## What is required
Each record below is to be output unchanged, and any picture is to be dropped.
***** Data shown
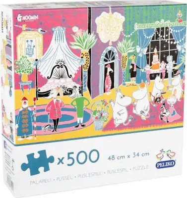 Hyg dig med venner eller familie med dette farverige puslespil med 500 brikker med mummitrold tema.
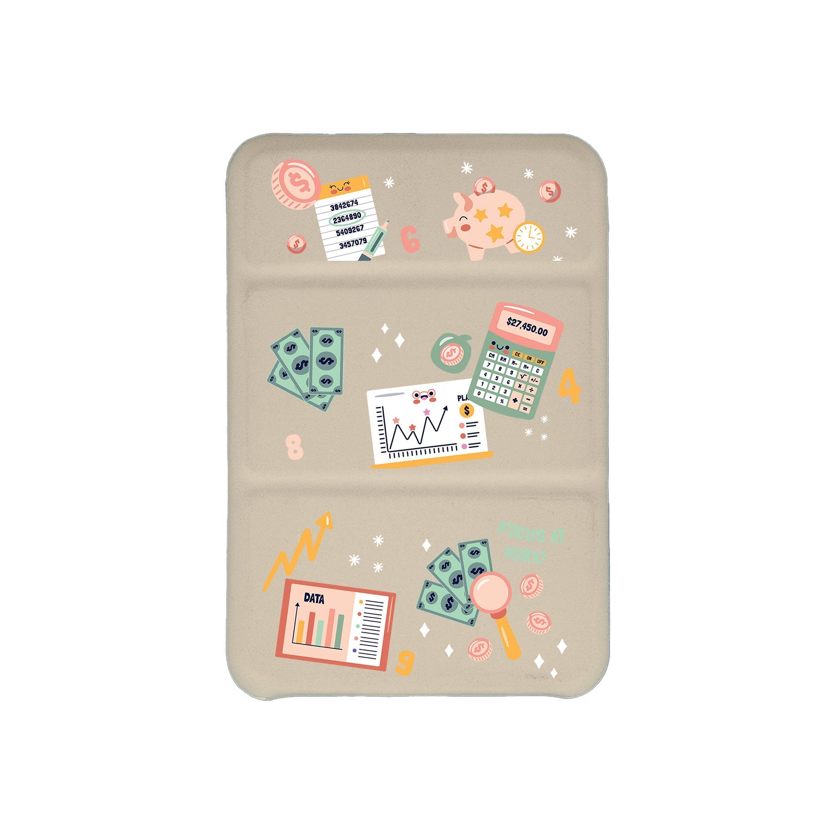Material - soft vegan leather with magnetic, foldable to become a standee.
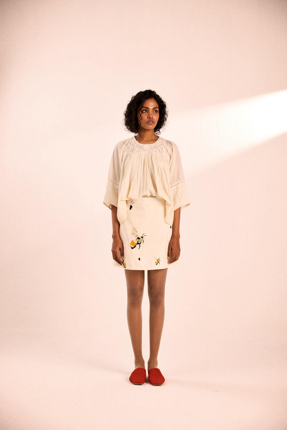Cotton twill skirt shorts featuring playful bee motifs for a fun and relaxed vibe.
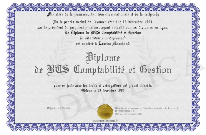 Envoyez par email votre Diplome de BTS Comptabilité et Gestion personalisé
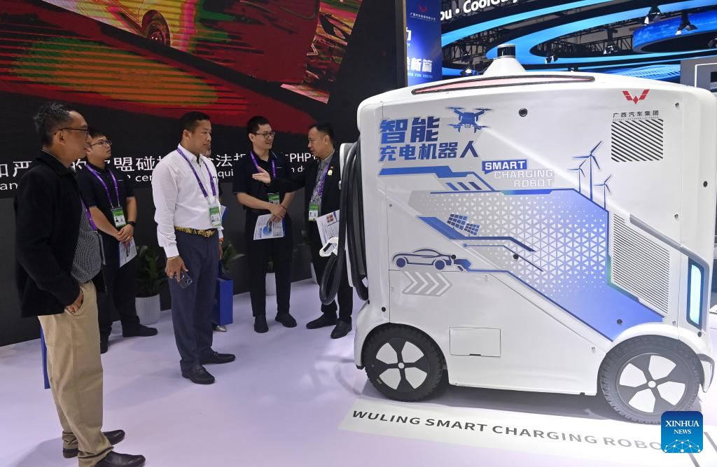 ANNING, 20 septiembre, 2025 (Xinhua) -- Imagen del 19 de septiembre de 2025 de personas observando un robot de carga inteligente durante la 22ª Exposición China-ASEAN, en Nanning, en la región autónoma de la etnia zhuang de Guangxi, en el sur de China. En la 22ª Exposición China-ASEAN en curso, los vehículos de nueva energía producidos en Liuzhou de Guangxi, y potenciados con inteligencia artificial atraen amplia atención tanto de empresas como de visitantes nacionales y extranjeros. (Xinhua/Lu Boan)
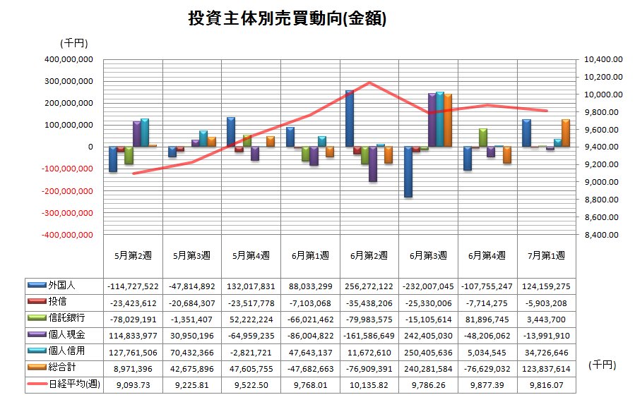 7月第1週の日経平均は61円32銭、0.62%の下落。
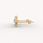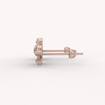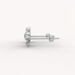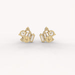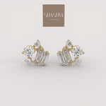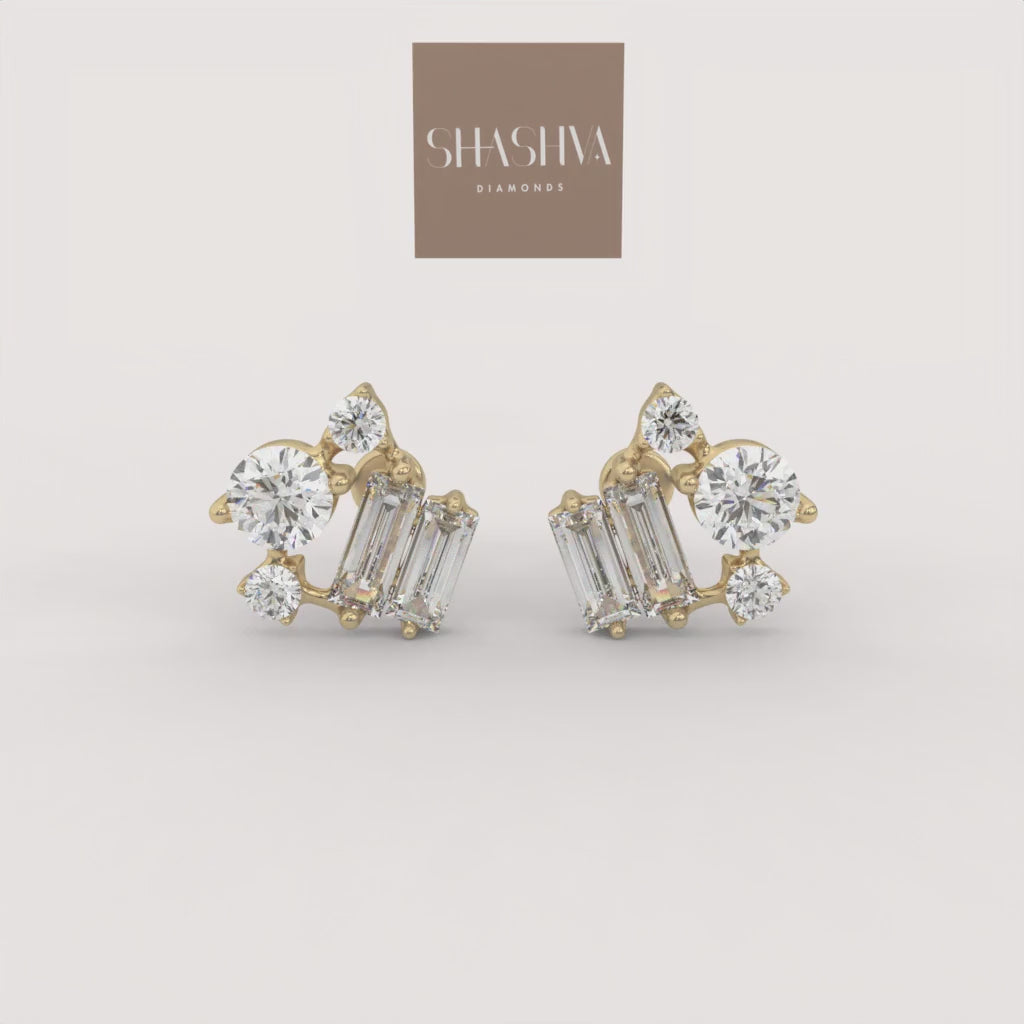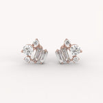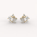 The Spark Studs are a striking asymmetrical design featuring a bold cluster of brilliant round diamonds mixed with sharp, elongated baguette-cut stones. This sophisticated explosion of light and form creates a modern, high-intensity shimmer at the ear.
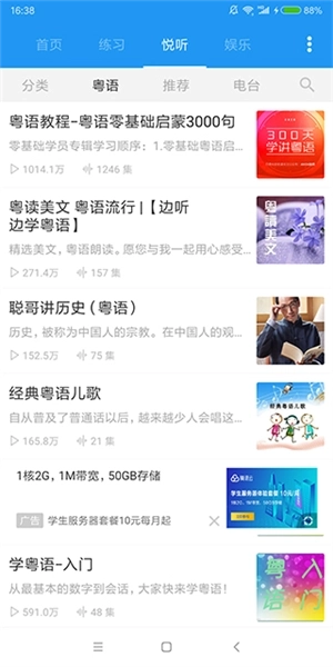 丰富的有声资源,可以听粤语小说、粤语评书、粤语歌曲等精彩内容。
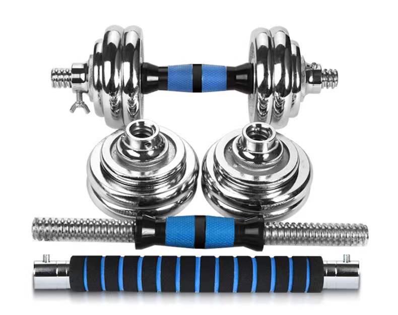 순수 철 전기 도금 덤벨 순수 스틸 남성 홈 피트니스 덤벨 선물 상자 20KG 투인원 덤벨 완벽한 세트
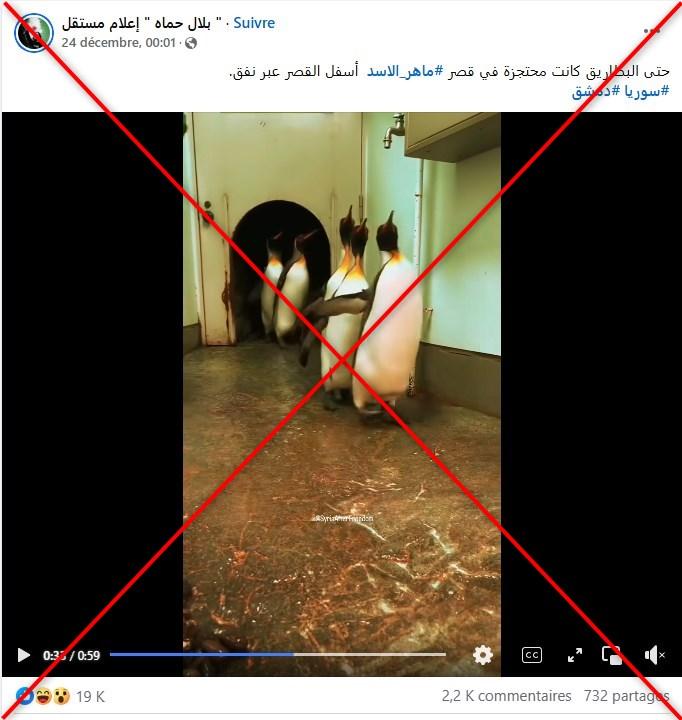 تداولت صفحات على مواقع التواصل الاجتماعي مقطع فيديو قالت إنه لبطاريق كانت محتجزة في قصر شقيق الرئيس السوري المخلوع بشار الأسد. لكن الادعاء مضلّل، ومشاهد البطاريق مأخوذة من فيديو لحديقة حيوان في اليابان.
**********
## Output of the exercise
 Hyg dig med venner eller familie med dette farverige puslespil med 500 brikker med mummitrold tema.
Material - soft vegan leather with magnetic, foldable to become a standee.
Cotton twill skirt shorts featuring playful bee motifs for a fun and relaxed vibe.
 Envoyez par email votre Diplome de BTS Comptabilité et Gestion personalisé
 ANNING, 20 septiembre, 2025 (Xinhua) -- Imagen del 19 de septiembre de 2025 de personas observando un robot de carga inteligente durante la 22ª Exposición China-ASEAN, en Nanning, en la región autónoma de la etnia zhuang de Guangxi, en el sur de China. En la 22ª Exposición China-ASEAN en curso, los vehículos de nueva energía producidos en Liuzhou de Guangxi, y potenciados con inteligencia artificial atraen amplia atención tanto de empresas como de visitantes nacionales y extranjeros. (Xinhua/Lu Boan)
 7月第1週の日経平均は61円32銭、0.62%の下落。
 The Spark Studs are a striking asymmetrical design featuring a bold cluster of brilliant round diamonds mixed with sharp, elongated baguette-cut stones. This sophisticated explosion of light and form creates a modern, high-intensity shimmer at the ear.
 丰富的有声资源,可以听粤语小说、粤语评书、粤语歌曲等精彩内容。
 순수 철 전기 도금 덤벨 순수 스틸 남성 홈 피트니스 덤벨 선물 상자 20KG 투인원 덤벨 완벽한 세트
 تداولت صفحات على مواقع التواصل الاجتماعي مقطع فيديو قالت إنه لبطاريق كانت محتجزة في قصر شقيق الرئيس السوري المخلوع بشار الأسد. لكن الادعاء مضلّل، ومشاهد البطاريق مأخوذة من فيديو لحديقة حيوان في اليابان.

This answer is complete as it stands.